> **Data extracts**:

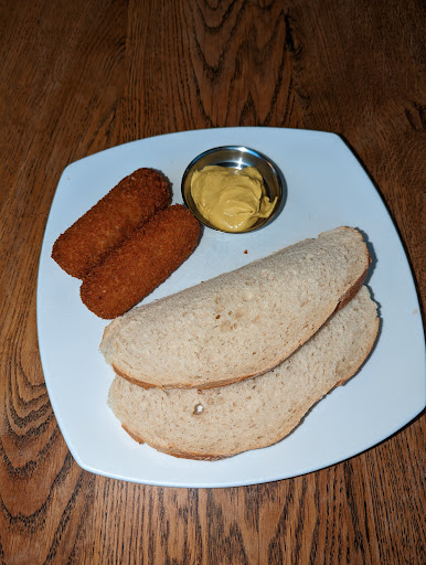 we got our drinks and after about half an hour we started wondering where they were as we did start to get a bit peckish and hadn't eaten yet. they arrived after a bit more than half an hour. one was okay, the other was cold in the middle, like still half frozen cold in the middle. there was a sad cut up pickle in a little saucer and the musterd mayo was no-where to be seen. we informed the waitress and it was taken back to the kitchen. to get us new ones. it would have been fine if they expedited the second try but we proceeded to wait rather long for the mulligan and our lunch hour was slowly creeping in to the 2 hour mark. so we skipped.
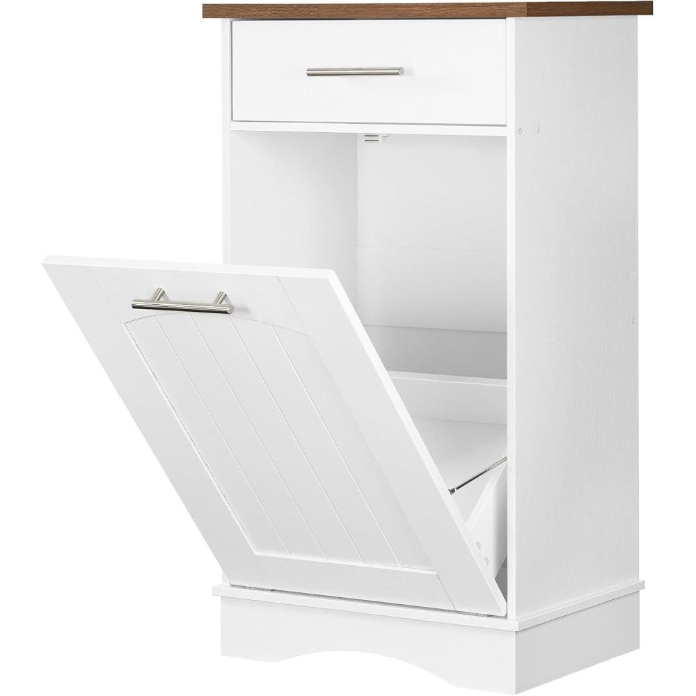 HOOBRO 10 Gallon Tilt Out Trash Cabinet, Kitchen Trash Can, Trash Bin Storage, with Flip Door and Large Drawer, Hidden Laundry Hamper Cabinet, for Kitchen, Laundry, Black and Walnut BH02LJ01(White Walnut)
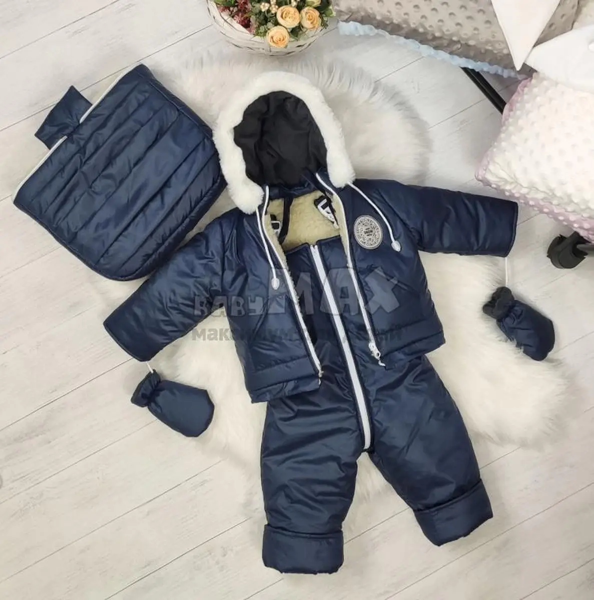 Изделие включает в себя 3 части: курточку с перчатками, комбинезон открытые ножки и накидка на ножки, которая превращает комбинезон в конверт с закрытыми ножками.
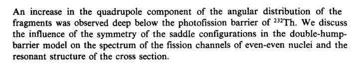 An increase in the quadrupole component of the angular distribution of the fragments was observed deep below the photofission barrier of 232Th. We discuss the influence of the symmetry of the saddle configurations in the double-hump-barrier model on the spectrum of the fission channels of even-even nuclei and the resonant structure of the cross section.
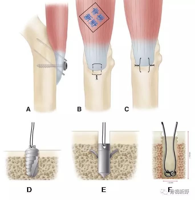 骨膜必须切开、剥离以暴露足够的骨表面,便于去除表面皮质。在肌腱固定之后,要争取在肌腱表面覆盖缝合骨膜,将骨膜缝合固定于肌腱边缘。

> **Problem to solve**:
Repeat the records word for word. Leave out whatever pictures they hold.

> **Problem solution**:
 we got our drinks and after about half an hour we started wondering where they were as we did start to get a bit peckish and hadn't eaten yet. they arrived after a bit more than half an hour. one was okay, the other was cold in the middle, like still half frozen cold in the middle. there was a sad cut up pickle in a little saucer and the musterd mayo was no-where to be seen. we informed the waitress and it was taken back to the kitchen. to get us new ones. it would have been fine if they expedited the second try but we proceeded to wait rather long for the mulligan and our lunch hour was slowly creeping in to the 2 hour mark. so we skipped.
 HOOBRO 10 Gallon Tilt Out Trash Cabinet, Kitchen Trash Can, Trash Bin Storage, with Flip Door and Large Drawer, Hidden Laundry Hamper Cabinet, for Kitchen, Laundry, Black and Walnut BH02LJ01(White Walnut)
 Изделие включает в себя 3 части: курточку с перчатками, комбинезон открытые ножки и накидка на ножки, которая превращает комбинезон в конверт с закрытыми ножками.
 An increase in the quadrupole component of the angular distribution of the fragments was observed deep below the photofission barrier of 232Th. We discuss the influence of the symmetry of the saddle configurations in the double-hump-barrier model on the spectrum of the fission channels of even-even nuclei and the resonant structure of the cross section.
 骨膜必须切开、剥离以暴露足够的骨表面,便于去除表面皮质。在肌腱固定之后,要争取在肌腱表面覆盖缝合骨膜,将骨膜缝合固定于肌腱边缘。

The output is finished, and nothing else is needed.